Eau au sous-sol : d'où elle vient et quoi faire
Flaque au bas du mur, joint mur-dalle humide, odeur de moisi : comment trouver la source avant de choisir une solution.
Par ExcaFix • Mis à jour le
Ce qu'on observe
L'eau au sous-sol se manifeste rarement par une inondation franche. Le plus souvent, ce sont des signes discrets qui reviennent après chaque pluie forte ou à la fonte des neiges :
- une flaque ou une trace d'eau au pied d'un mur, qui part du joint entre le plancher et le mur ;
- un cerne sombre au bas du béton qui sèche entre deux épisodes, puis revient ;
- de la peinture qui cloque, un bas de gypse gondolé ou une plinthe qui noircit ;
- un dépôt blanc poudreux sur le béton (voir notre guide sur l'efflorescence) ;
- une odeur de moisi persistante, surtout dans les coins et derrière les rangements ;
- un puisard toujours plein, une pompe qui part souvent, ou de l'eau qui remonte par le drain de plancher.

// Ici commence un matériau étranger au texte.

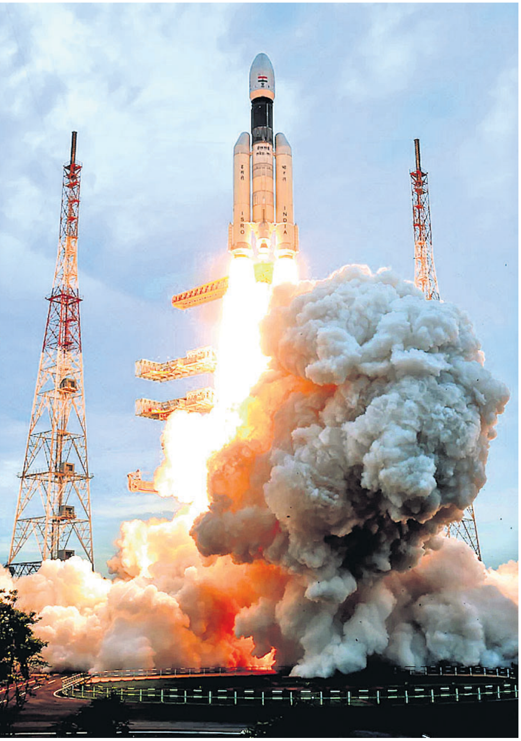
ଶ୍ରୀହରିକୋଟାସ୍ଥିତ ସତୀଶ ଧାଓନ ସେସ୍ ସେଣ୍ଟରରୁ ଏଲଜିଏସ୍-୩ ରକେଟ୍ ଜରିଆରେ 'ଚନ୍ଦ୍ରୟାନ-୩'ର ଉତ୍ତ୍ରେକ୍ଷେପଣ କରାଯାଇଛି।

ହୋଇଥିଲା। ମାଙ୍କ ଚିତା ସହ ଲଢ଼େଇ ବେଳ ଚେକ୍‌ସ୍ ଗୁରୁତର ଆଘାତ ପାଇଥିଲା, ଯେଉଁଥିରୁ ସେ ସ୍ୱଳ୍ପ ହେବା ସମ୍ଭବ ହୋଇ ନ ଥିଲା ବୋଲି ବ୍ୟବଚ୍ଛେଦ ରିପୋର୍ଟରୁ ଜଣାପଡ଼ିଥିଲା। ଗତ ମାର୍ଚ୍ଚ ୨୭ରେ ସାଣ୍ଟା ନାମକ ମାଙ୍କ ଚିତାର କିର୍ଦ୍ଦୀ ଖରାପ କାରଣରୁ ମୃତ୍ୟୁ ହୋଇଥିଲା। କାର୍ତ୍ତିଓ-ପୁଲମୋନାରି ଫେଲୋସ୍‌ର ଯୋଗୁ ଏପ୍ରିଲ ୨୩ରେ ଉଦୟ ପ୍ରାଣ ହରାଇଥିବାବେଳେ ମେ ୯ରେ ପୁରୁଷ ଚିତା ସହ ସଂଘର୍ଷ ଜାଣିବା ପାଇଁ ଉଦ୍ୟମ କରାଯାଉଥିବା ସମ୍ବନ୍ଧରେ ପ୍ରାଣ ହରାଇବାରେ ଏହା ଅଧିକ ତଥ୍ୟ ପ୍ରଦାନ କରିଥିଲା। ଗତ ୪ ମାସ ମଧ୍ୟରେ ପ୍ରାଣ ହରାଇବାରେ ଏହା ଅଧିକ ତଥ୍ୟ ପ୍ରଦାନ କରିଥିଲା। ଗତ ମଙ୍ଗଳବାର ଜାତୀୟ ପାର୍କରେ ତେଜସ୍ୱ ନାମକ ଅଣ୍ଡିରା ଚିତାର ମୃତ୍ୟୁ ଫ୍ରେସ୍‌ପ୍ୟା-୨
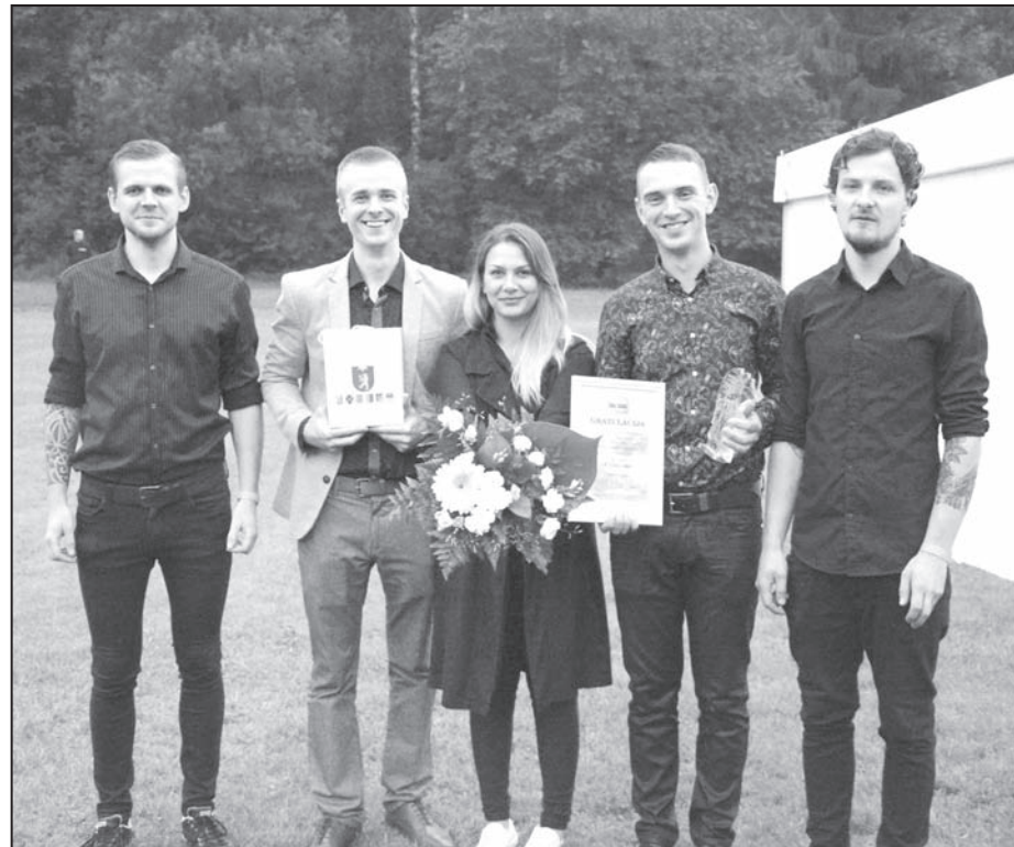
Melodiskā mūzikas raidījuma «Vilciens Rīga – Valka» dziesmu parādes uzvarētāji – grupa «Ceļojums».

Sobrid lapā – www.balšo.radosi.lv , ir apkopotas visas dziesmas, kuras ir izskanējušas melodiskās mūzikas raidījumā «Vilciens Rīga – Valka». Balso arī vasarā! Uz tikšanos jaunajā sezonā. ☼
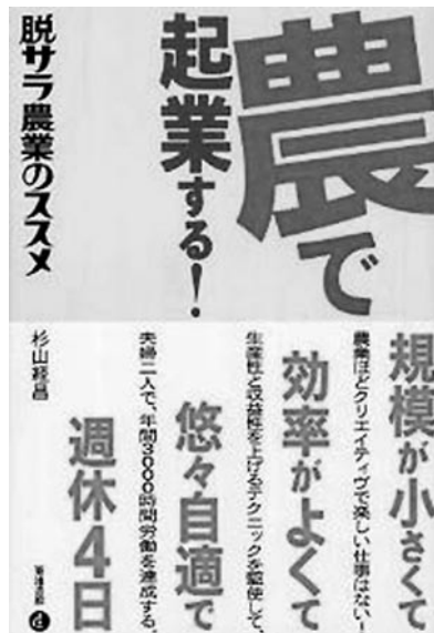
『農で起業する！脱サラ農業のススメ』
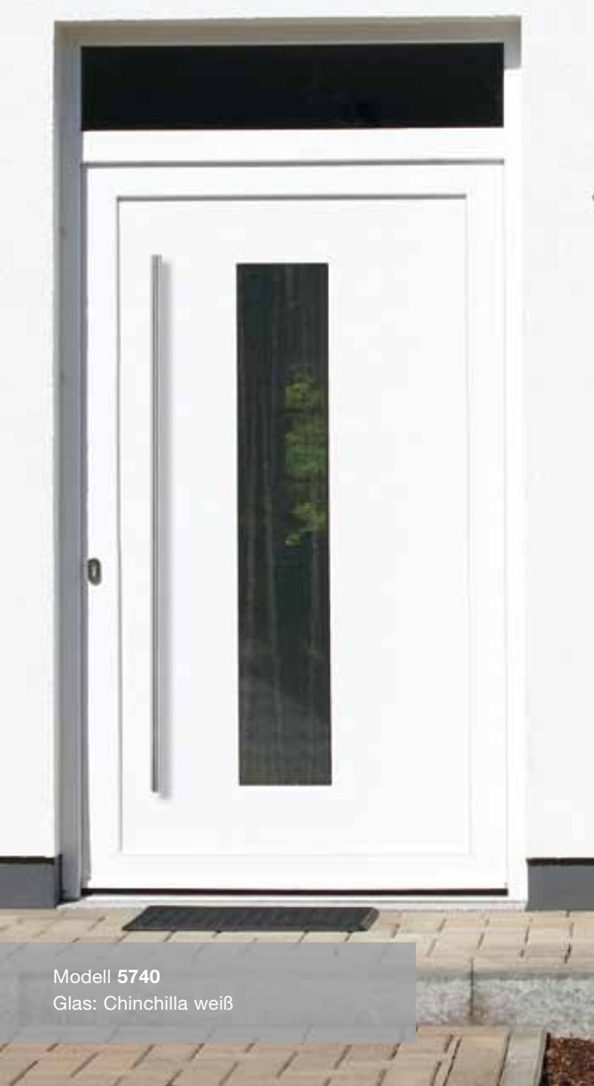
Modell 5740 Glas: Chinchilla weiß

Türen sind mehr als nur Eingänge. Sie laden ein und begrüßen. Sie gestalten den ersten Eindruck. Gleichzeitig sollen sie uns vor Hitze und Kälte, Lärm und Einbruch schützen. Alles das erfüllen die Haustüren aus der Sonderserie „Exklusiv“ von FensterART.
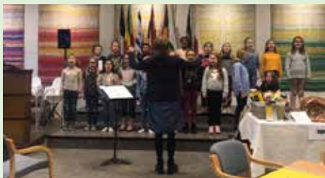
Jenteaspirantkoret synger på misjonsbasaren
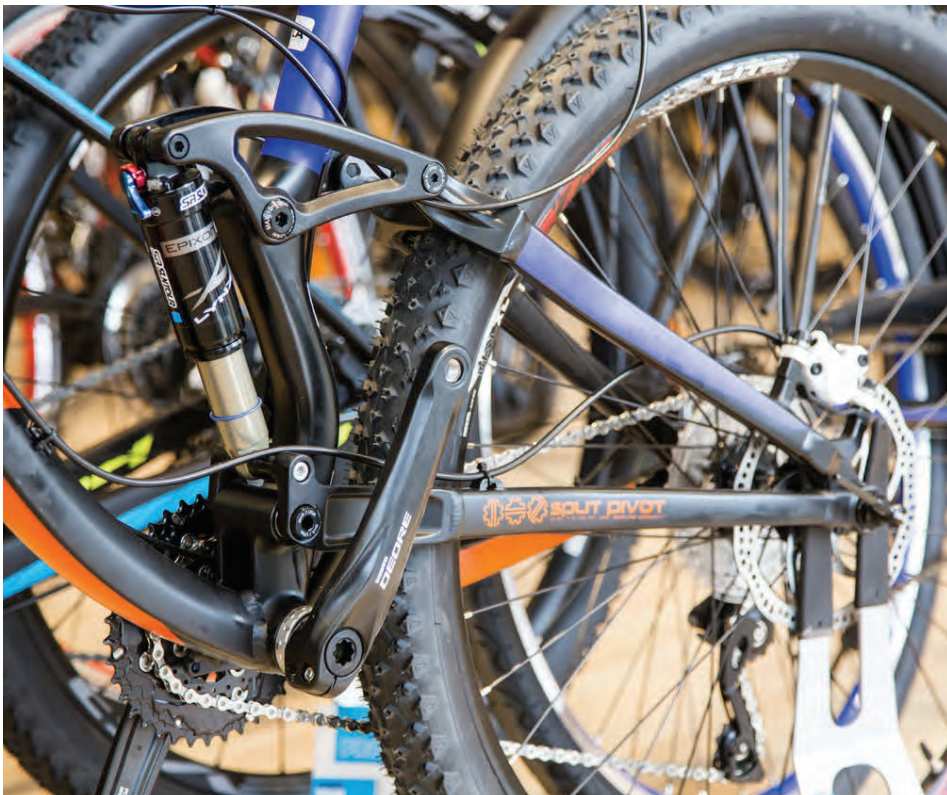
BH leggur mikinn metnað í að nota eingöngu góða íhluti sem endast í hjólin sín.
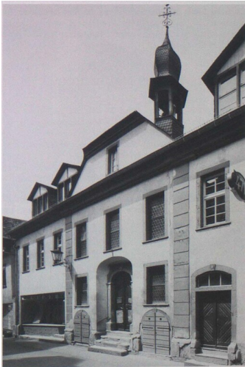
Katholische Kapelle St. Josef in Bacharach, Ansicht von Nordosten (1950er Jahre)
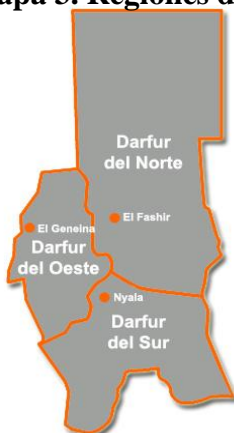
Mapa 3. Regiones de Darfur
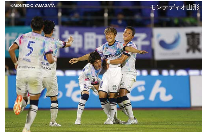
モンテディオ山形

※練習試合などの日程は調整中です。詳細は問い合わせるか市ホームページをご覧ください。
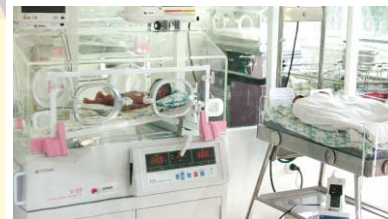
Модернизация оборудования научно-исследовательского института акушерства и гинекологии (ГП 2007 г. 4.1 млн. долларов США)
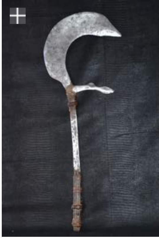
Couteau de jet Nuba
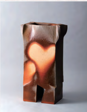
備前角花生(2008年) 岡山県立美術館蔵
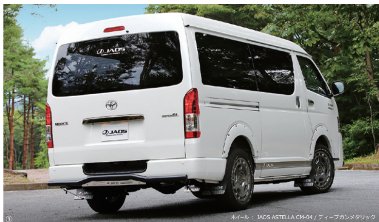
ホイール： JAOS ASTELLA CM-04 / ディープガンメタリック

JAOSのハイエースカスタマイズプロジェクトが新たなフェーズに突入します。その第一弾はホイール。レース用ホイールから引用したサーキュレーションホールと力強い5ディッシュデザインをミックスさせたトランスポーターのための新たなクロスオーバーデザインです。そしてリフトアップサスペンションとスポーツマフラーも現在鋭意開発中。新たなクロスオーバースタイルをもうすぐご覧いただけます。TOYOTA HIACE "JAOS STYLE" 車両と共に我々自身も進化し続けます。
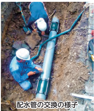
配水管の交換の様子
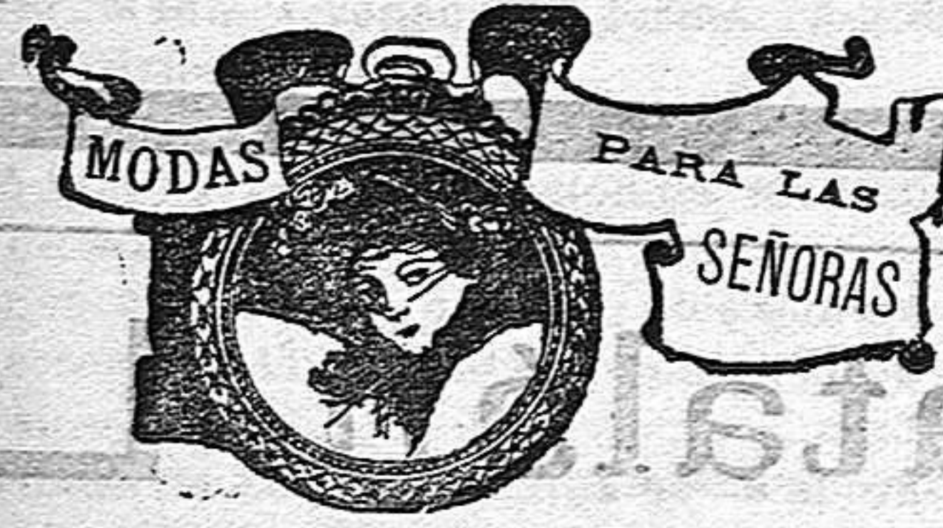
Modelos exclusivos para nuestras lectoras de los grandes almacenes de El Siglo, de Barcelona.

Es esperado en este puerto el vapor italiano «Colombo», con cargamento de trigo. También es esperado un vapor noruego con carbón mineral.
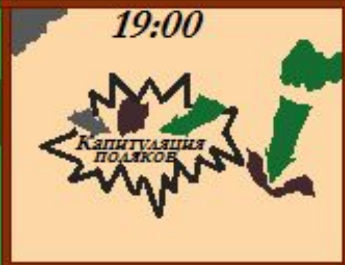
Сражение при Миндальшторфе
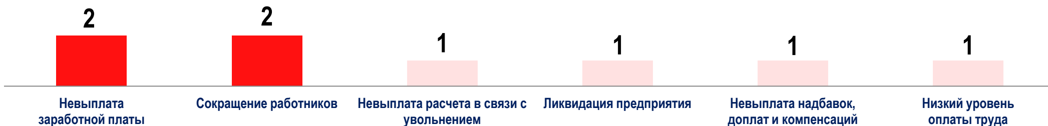
Диаграмма 2. Причины актуальных СТК за истекшую неделю 1

Le moment où l'eau apparaît compte autant que l'endroit. Après une averse : eau de surface ou drain saturé. Au printemps, pendant plusieurs semaines : fonte et sol encore gelé. En tout temps, même par temps sec : nappe phréatique haute. Notez ces repères, ils seront la première question posée lors du diagnostic.
Ce qui se passe
Une fondation est un mur de béton posé sur une semelle, dans un trou remblayé. Quand il pleut, l'eau s'infiltre dans le remblai, plus meuble que le sol d'origine, et descend le long du mur jusqu'à la semelle. Là, deux choses peuvent arriver.
Si un drain de fondation fonctionne au pied de la semelle, il recueille cette eau et l'évacue vers l'égout pluvial, un fossé ou une fosse de retenue avec pompe. Le niveau d'eau reste sous le plancher, et le mur ne subit pas de pression. C'est ce que le Code de construction du Québec exige au pied des murs de fondation extérieurs (article 9.14.2.1), sauf démonstration qu'un drainage n'est pas nécessaire.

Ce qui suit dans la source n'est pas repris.